» RAW DATA:
################

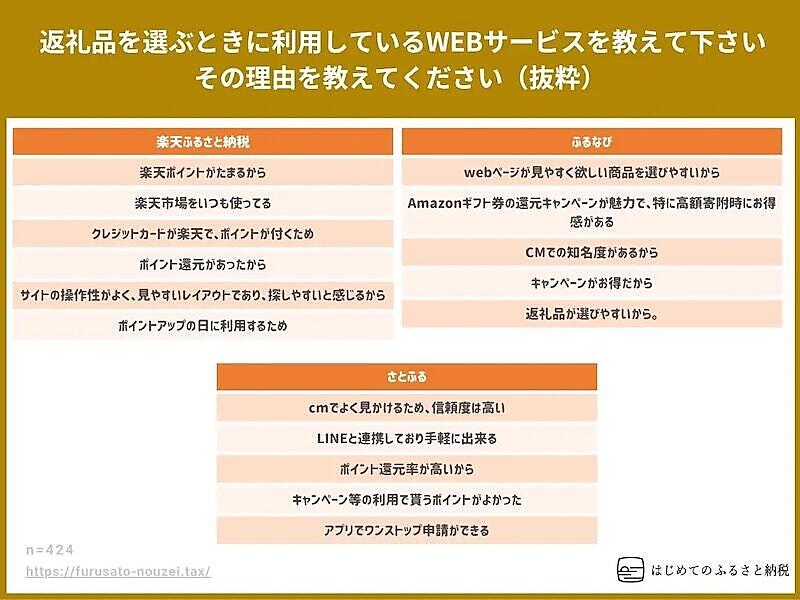 利用しているWebサービスを使う理由を聞いたところ、利用者が多い「楽天ふるさと納税」「ふるなび」「さとふる」については次のような意見があった。
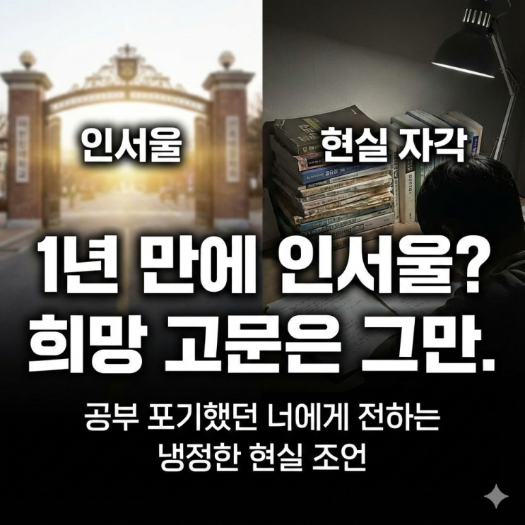 상담실 문을 두드리는 학생들 중 뒤늦게 공부에 뜻을 품고 찾아오는 친구들이 있습니다. "선생님, 저 그동안 공부 안 했지만 1년 정말 미친 듯이 해서 인서울 하고 싶어요." 그 결심과 열정은 정말 높이 삽니다. 하지만 저는 교육자로서 무책임하게 "할 수 있다"는 달콤한 말만 건넬 수는 없습니다. 1년이라는 시간은 길어 보이지만 입시라는 거대한 벽 앞에서는 순식간에 지나가는 시간이기 때문입니다. 오늘은 '노베이스 1년 인서울'이라는 목표가 현실적으로 얼마나 험난한 길인지 그리고 성공 확률을 1%라도 높이려면 무엇을 따져봐야 하는지 아주 냉정하게 이야기해 보려 합니다. 너의 '시작점'은....... <img src="https://blogthumb.pstatic.net/MjAyNjAxMDZfMjQ4/MDAxNzY3NzAxNjM2MDEw.WLIMCi3V058RzVzZ_2ugdbuKWElPDZseY0IxeZ3-dNMg.7u1eQzGB0dBCX6gcB5HTS6JfpEpfhEekJ6spnnBJjA0g.PNG/Gemini_Generated_Image_frmvvkfrmvvkfrmv.png?type=s3" />
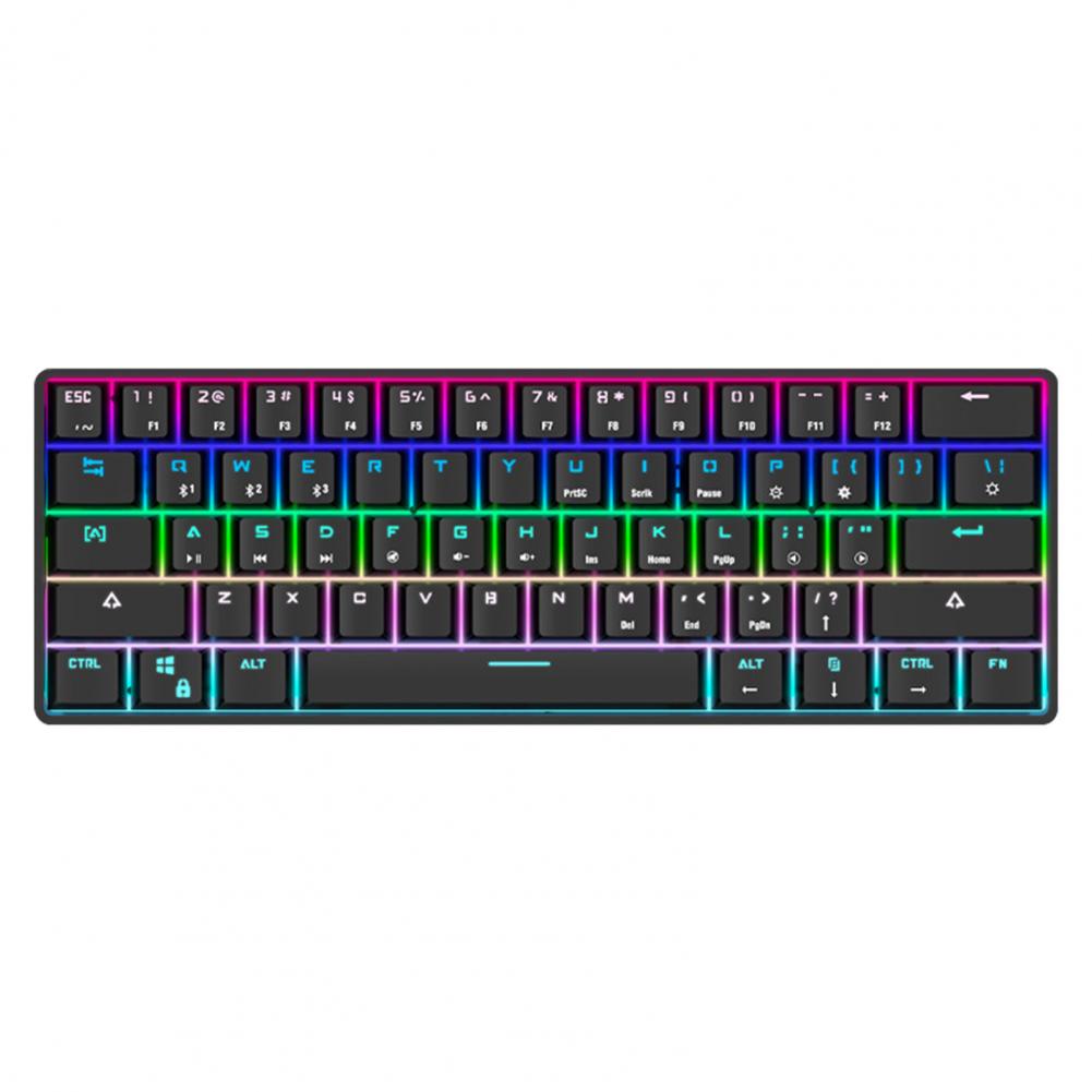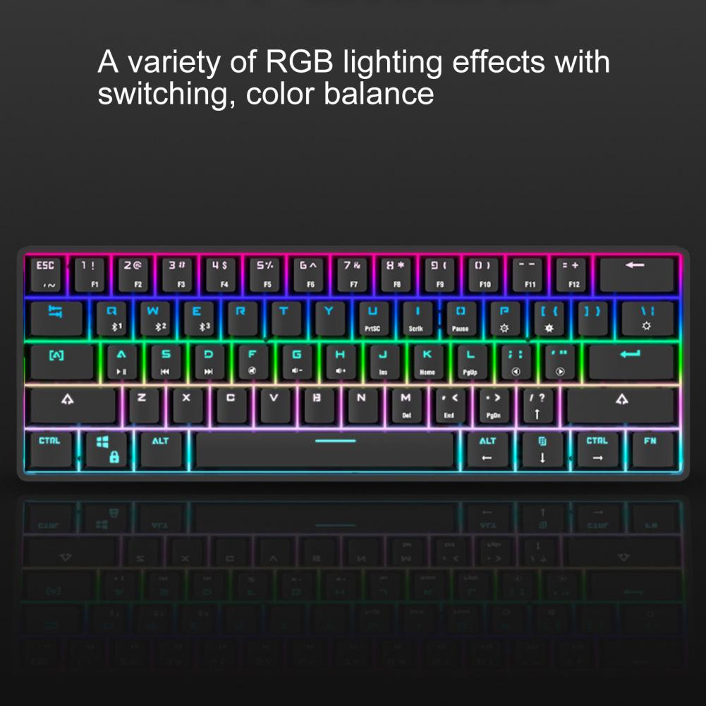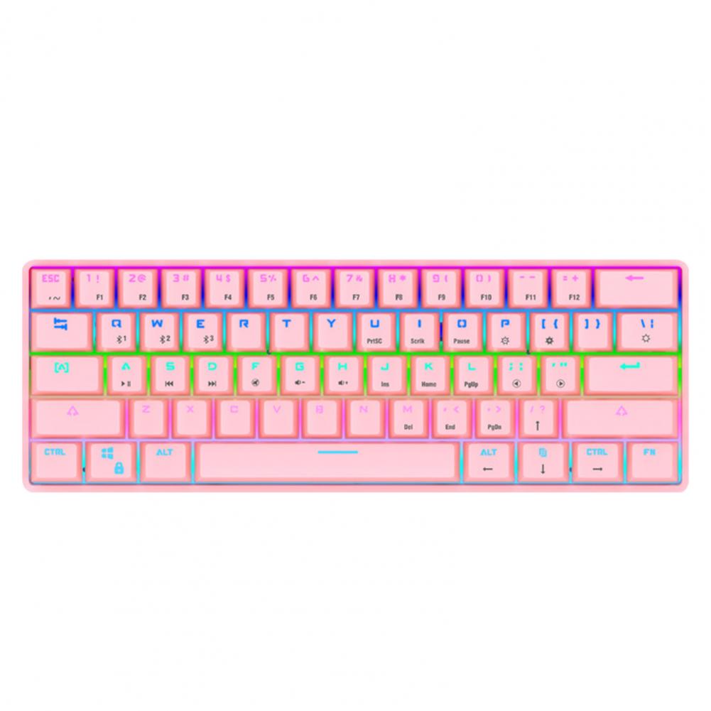 Это механическая клавиатура Bluetooth с RGB эффектом освещения, с высоким и низким дизайном клавиш, так что вы не будете утомлены после длительного использования.

################

» ABOUT THIS EXERCISE: What is needed is an exact copy of the lines from the line with "상담실 문을 두드리는" to the end of the data above, both included, without any pictures.

» SOLVED PROBLEM:
 상담실 문을 두드리는 학생들 중 뒤늦게 공부에 뜻을 품고 찾아오는 친구들이 있습니다. "선생님, 저 그동안 공부 안 했지만 1년 정말 미친 듯이 해서 인서울 하고 싶어요." 그 결심과 열정은 정말 높이 삽니다. 하지만 저는 교육자로서 무책임하게 "할 수 있다"는 달콤한 말만 건넬 수는 없습니다. 1년이라는 시간은 길어 보이지만 입시라는 거대한 벽 앞에서는 순식간에 지나가는 시간이기 때문입니다. 오늘은 '노베이스 1년 인서울'이라는 목표가 현실적으로 얼마나 험난한 길인지 그리고 성공 확률을 1%라도 높이려면 무엇을 따져봐야 하는지 아주 냉정하게 이야기해 보려 합니다. 너의 '시작점'은....... <img src="https://blogthumb.pstatic.net/MjAyNjAxMDZfMjQ4/MDAxNzY3NzAxNjM2MDEw.WLIMCi3V058RzVzZ_2ugdbuKWElPDZseY0IxeZ3-dNMg.7u1eQzGB0dBCX6gcB5HTS6JfpEpfhEekJ6spnnBJjA0g.PNG/Gemini_Generated_Image_frmvvkfrmvvkfrmv.png?type=s3" />
 Это механическая клавиатура Bluetooth с RGB эффектом освещения, с высоким и низким дизайном клавиш, так что вы не будете утомлены после длительного использования.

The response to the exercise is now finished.